A graduate of Northampton High School, the Lipskis' eldest son Stanley Walter Lipski was appointed to the U.S. Naval Academy, graduating in 1935. Multilingual and an expert in the Russian language, Lipski served briefly at the Naval Air Station in Pensacola, Fla., before assignment to a succession of highly sensitive posts. He served in the American legation in Berlin until the German invasion of Poland in September 1939, and then went on to posts in Moscow, Riga, and Helsinki, where he served as assistant naval attache to Finland and Sweden.

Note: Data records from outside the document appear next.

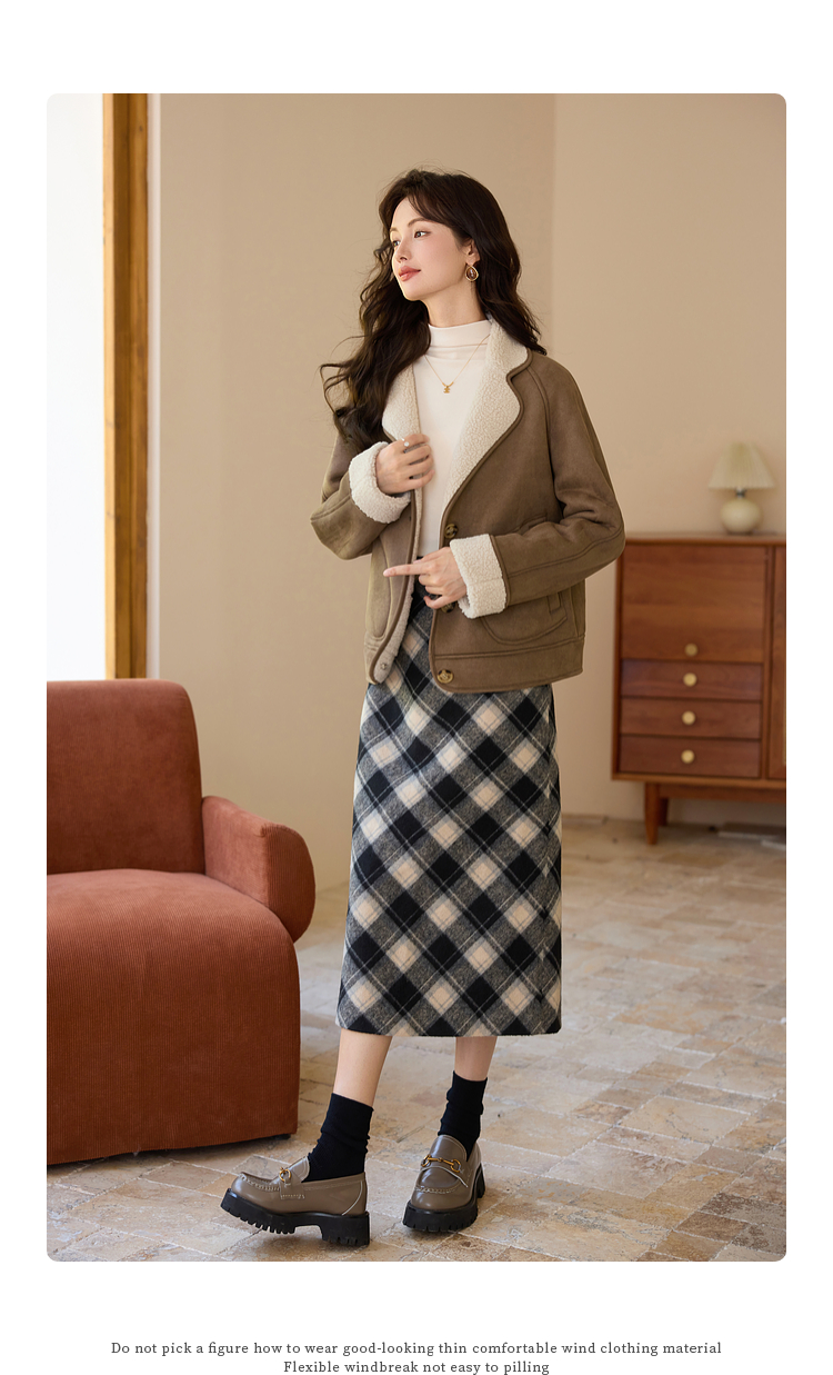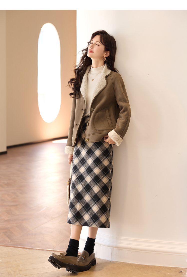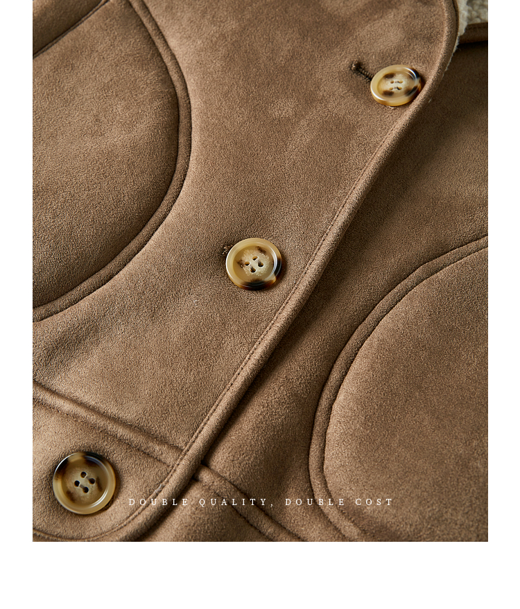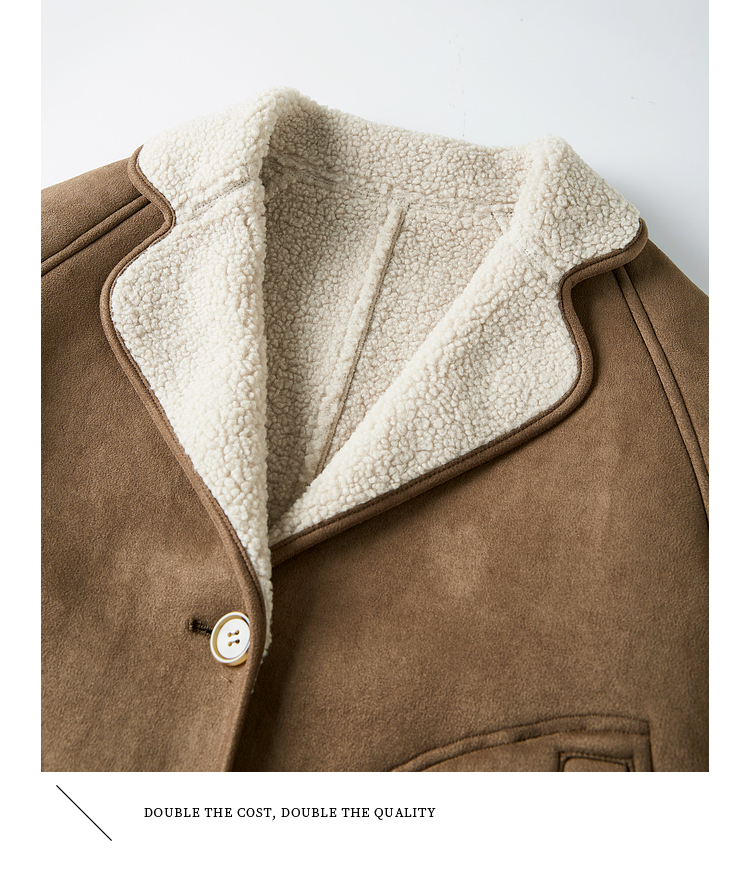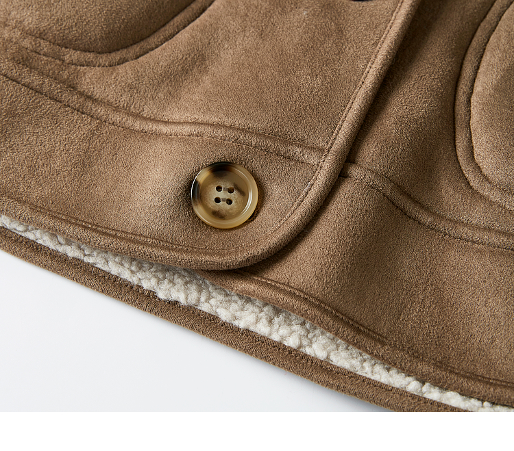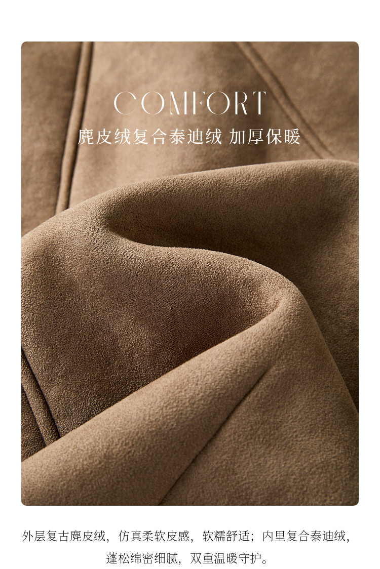 【年终特卖】熙世界美拉德麂皮绒短外套冬季新款小个子加厚保暖皮毛一体大衣
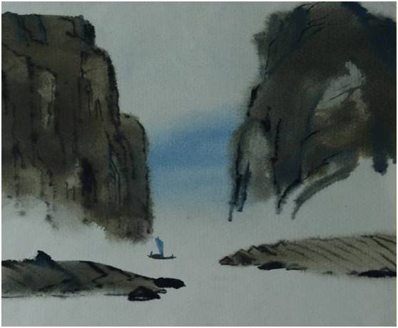 两岸青山相对出,孤帆一片日边来。
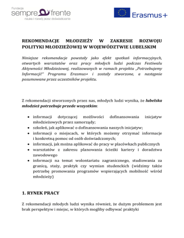 REKOMENDACJE MŁODZIEŻY W ZAKRESIE ROZWOJU POLITYKI MŁODZIEŻOWEJ W WOJEWÓDZTWIE LUBELSKIM Niniejsze rekomendacje powstały jako efekt spotkań informacyjnych, otwartych warsztatów oraz pracy młodych ludzi podczas Festiwalu Aktywności Młodzieżowej, realizowanych w ramach projektu „Potrzebujemy Informacji!“ Programu Erasmus+ i zostały stworzone, a następnie posumowane przez uczestników projektu. Z rekomendacji stworzonych przez nas, młodych ludzi wynika, że lubelska młodzież potrzebuje przede wszystkim: informacji dotyczącej możliwości dofinansowania inicjatyw młodzieżowych przez samorządy; szkoleń, jak aplikować o dofinansowania naszych inicjatyw; informacji o miejscach, w których możemy otrzymać informacje i konkretną pomoc od osób doświadczonych; informacji, jak można aplikować do pracy w placówkach publicznych warsztatów z zakresu planowania ścieżki kariery i doradztwa zawodowego informacji na temat wolontariatu zagranicznego, studiowania za granicą, staży, praktyk czy wymian studenckich (widzimy także potrzebę promowania programów wspierających mobilność wśród młodzieży) 1. RYNEK PRACY Z rekomendacji młodych ludzi wynika również, że dużym problemem jest brak perspektyw i miejsc, w których mogliby odbywać praktyki odpowiadające ich zainteresowaniom czy wykształceniu. Zarówno studenci jak i licealiści często widzą rynek pracy jako miejsce dla osób posiadających kontakty, „znajomości”, bardziej niż miejsce dla ambitnych i wykształconych młodych ludzi. 2. INFORMACJA MŁODZIEŻOWA I DIALOG Z DECYDENTAMI Młodzi ludzie są często nieświadoma jakie możliwości oferują samorządy lokalne, granty europejskie, czy instytucje pożytku publicznego, apelujemy więc do władz lokalnych o stwarzanie możliwości dialogu i informacji. Wypracowaliśmy również swoje stanowisko wobec problemów aktywności społecznej: Pokazujemy tym samym, że chcemy działać, być widoczni i aktywni w życiu społecznym, ale jesteśmy niedoinformowani i uważamy, że w kwestiach młodzieżowych bardziej widoczne jest wsparcie Unii Europejskiej niż Państwa Polskiego. 3. ROZWÓJ OSOBISTY I SPOŁECZNY Młodzi ludzie, którzy angażują się społecznie widzą potrzebę tworzenia sieci współpracy pomiędzy organizacjami pozarządowymi, a szkołami/uniwersytetami i samorządami. Podkreślają rosnącą potrzebę tworzenia przestrzeni do współpracy, ze względu na brak zrozumienia potrzeb młodzieży. Widzimy potrzebę rozwoju zarówno interpersonalnego jak i zawodowego, praktycznego. Udzielając się społecznie przy poszczególnych akcjach wzrosła nasza siła i potrzeba ciągłego zdobywania doświadczenia poprzez działanie. 4. ROLA EDUKACJI POZAFORMALNEJ Czynnikiem wstrzymującym nas przed działaniem jest nierzadko szkoła i rodzice często nierozumiejący korzyści płynących z aktywnego spędzania czasu pozaszkolnego. Młodzi ludzie wśród swoich rówieśników widzą nierzadko chęć działania ograniczaną potrzebą zdobywania jak najlepszych wyników w szkole. Władze lokalne jako autorytet, idąc za rekomendacjami młodzieży, powinny kłaść nacisk na to, by w szkołach respektowano aktywną postawę obywatelską, uczono o niej w sposób atrakcyjny na przedmiotach takich jak Wiedza o Społeczeństwie. Praktyczna wiedza, to coś, czego najbardziej brakuje młodzieży w szkołach. Rekomendowana przez nas jest wspierająca postawa władz lokalnych w stosunku do miejsc, w których młodzi ludzie otrzymują możliwość udzielania się społecznie. Taka postawa powinna być jednocześnie widoczna i wyraźna dla szkół, nauczycieli i rodziców. 5. PROPOZYCJE DZIAŁAŃ Tworząc rekomendacje wypracowaliśmy także konkretne propozycje działań, które samorządy lokalne, kuratoria oświaty i inne instytucję zajmujące się młodzieżą, mogłyby podjąć w celu poprawy jakości aktywnego uczestnictwa młodzieży w życiu publicznym: promocja postawy aktywnego społecznie obywatela (szczególnie wśród rodziców i nauczycieli), kładąca nacisk przede wszystkim na promocję korzyści płynących z przejawiania takich postaw, z bycia aktywnym położenie większego nacisku na zajęcia praktyczne w ramach zajęć szkolnych - pokazywanie możliwości, jakie stoją przed młodym człowiekiem dialog decydentów z młodzieżą w postaci otwartych spotkań, debat, warsztatów organizacja warsztatów/szkoleń ukazujących możliwości dofinansowania młodzieżowych inicjatyw lokalnych promocja działalności centrów informacji młodzieżowej, wskazywanie na potrzebę ich istnienia. wsparcie merytoryczne i finansowe dla Centrum Informacji i Rozwoju Młodzieży

In March 1943, Lipski was ordered to sea duty aboard the Portland-class cruiser USS Indianapolis, the flagship of the Fifth Fleet serving in the central Pacific. In 1945, the Indianapolis was designated to deliver Little Boy, the atomic bomb that was dropped on Hiroshima, from Honolulu to the staging site on Tinian island. Four days after delivering the bomb, the ship was struck by two torpedoes from a Japanese submarine and sank in only 12 minutes, and in the greatest loss of life at sea in a single incident in American history, 880 members of the crew of 1,196 were killed in action. Lipski was severely injured in the initial blast, but died after a day in the water. He had earned nine battle stars, a Purple Heart, and Silver Star during his service.